Items listed in a dataset:

------------------------

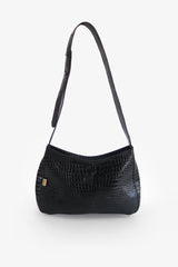 Cartera de cuero tipo Baguette Bag . Cerrada con cierre metálico YKK y tirador de cuero y bolsillo interior tipo sobre. Correa ajustable por medio de broche bolita.
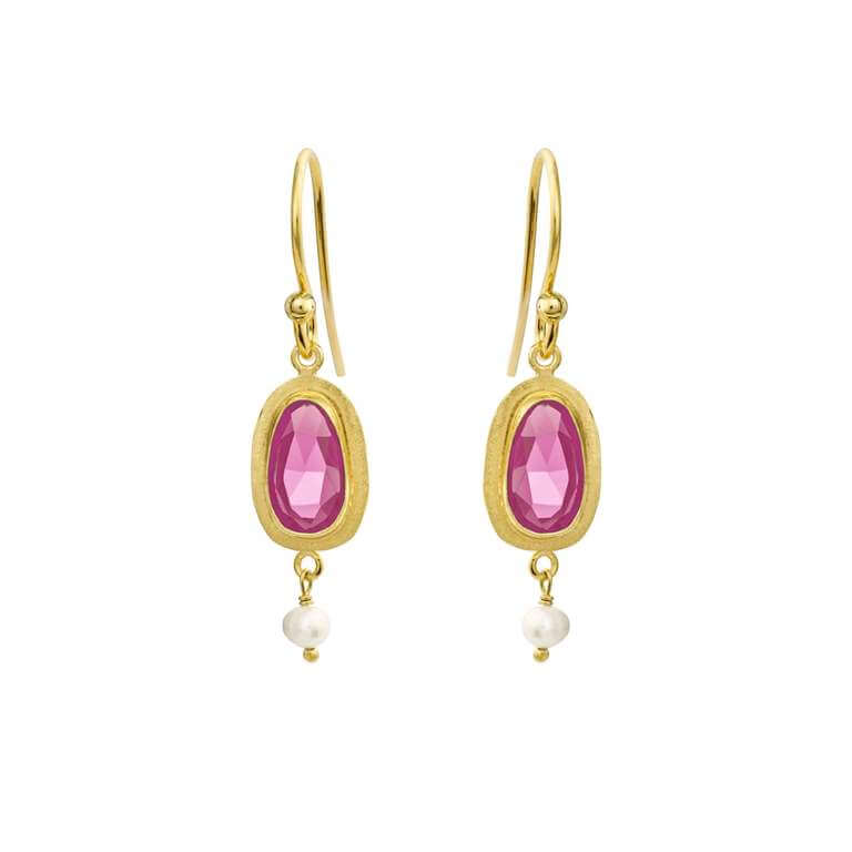 Susanne Friis Bjørner øreringe forgyldt sølv m. pink krystal + fvp
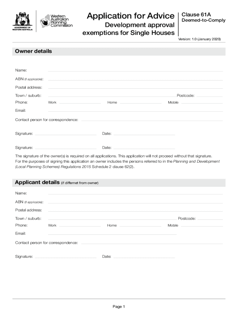 Application for AdviceClause 61ADeemedtoComplyDevelopment approval exemptions for Single Houseperson: 1.0 (January 2020)Owner detailsName:ABN (if applicable):Postal address:Town / suburb:Phone:Postcode:
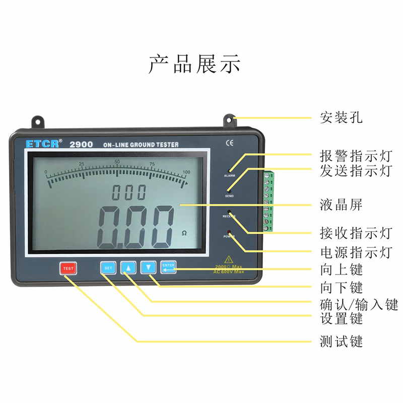 ETCR2900接地電阻在線測試儀(地樁式) | 0.01Ω~2000Ω | AC 0V~600V | RS485通訊 | 可設置報警閾值 | |
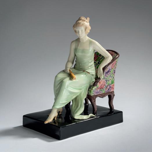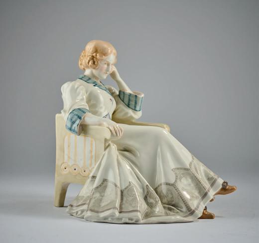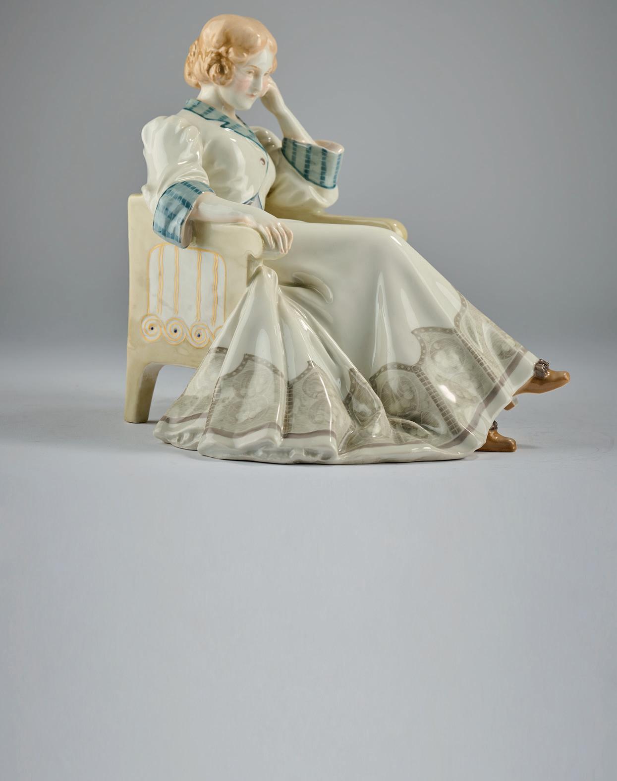 Carl Reschke Seated lady in crinoline, 1909 H. 23 cm. Executed by KPM Berlin, 1913. Porcelain, white, glazed, underglaze, predominantly yellow. Couch signed: RESCHKE (em bossed). Marked on the bottom: scepter, orb (blue, under glaze), M15, Scherben, 9330, date letter N, additional sign(embossed), 140/564, B (violet, handwritten).
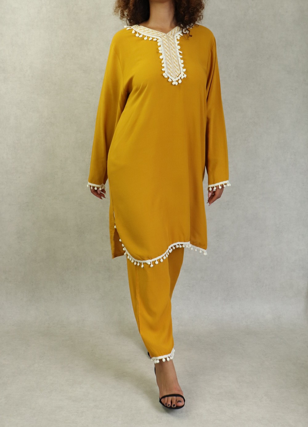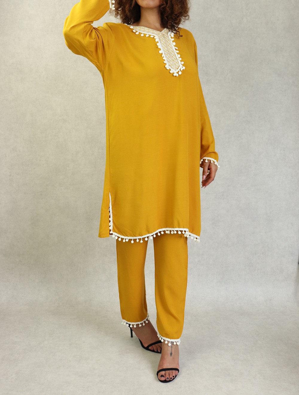 Ensemble deux pièces tunique pantalon style Jabador femme - Couleur Jaune moutarde Vetement & Accessoire
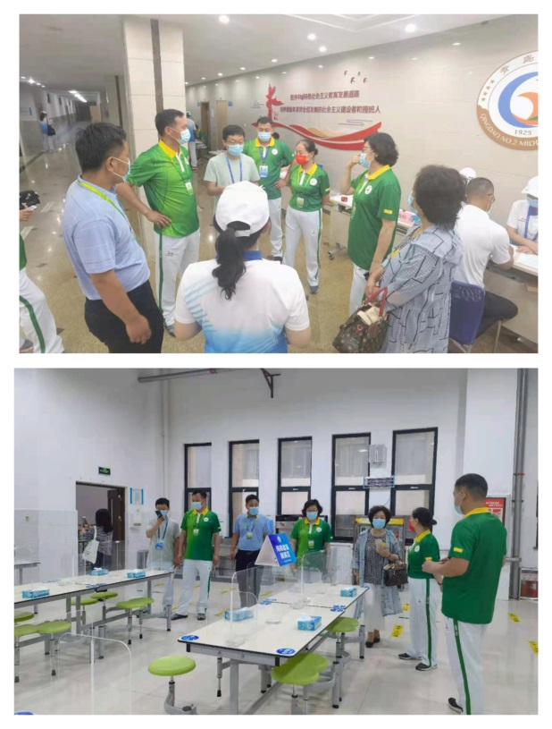 青岛市委统筹常态化疫情防控工作督查组史主任一行、青岛二中分校驻点督查专员——青岛市教育局孙校长、第十四届全国学运会筹备办领导、八大湖派出所警官来我校巡视检查,充分肯定我校为参赛人员准备的宿舍和餐厅环境优美、温馨舒适,对我校前期筹备工作给予高度认可。
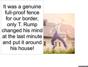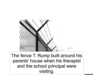 Uncategorized by eths05/24/201720:1305/24/2017 The Overly Long and Potentially Boring Story of T. Rump – Part Twelve THE FOLLOWING NARRATION IS WHOLLY, TRULY, AND REALLY BASED ON FACT. Here is the story about the fence T. Rump constructed when he was twelve years old: Owner of Escaping Ball: Share this:TweetLike Loading... Related
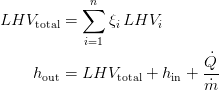 The lower heating value of the mixture is calculated using the LHV of the components and with this and the outflowing heat flow, the outflowing specific enthalpy is calculated:

------------------------

DESCRIPTION OF THE TASK:
Copy the entries above exactly, but only the stretch from the line containing "Application for AdviceClause" through the line containing "ETCR2900接地電阻在線測試儀(地樁式) | 0.01Ω~2000Ω". Keep both end lines; drop the pictures.

RESULT OF THE EXERCISE:
 Application for AdviceClause 61ADeemedtoComplyDevelopment approval exemptions for Single Houseperson: 1.0 (January 2020)Owner detailsName:ABN (if applicable):Postal address:Town / suburb:Phone:Postcode:
 ETCR2900接地電阻在線測試儀(地樁式) | 0.01Ω~2000Ω | AC 0V~600V | RS485通訊 | 可設置報警閾值 | |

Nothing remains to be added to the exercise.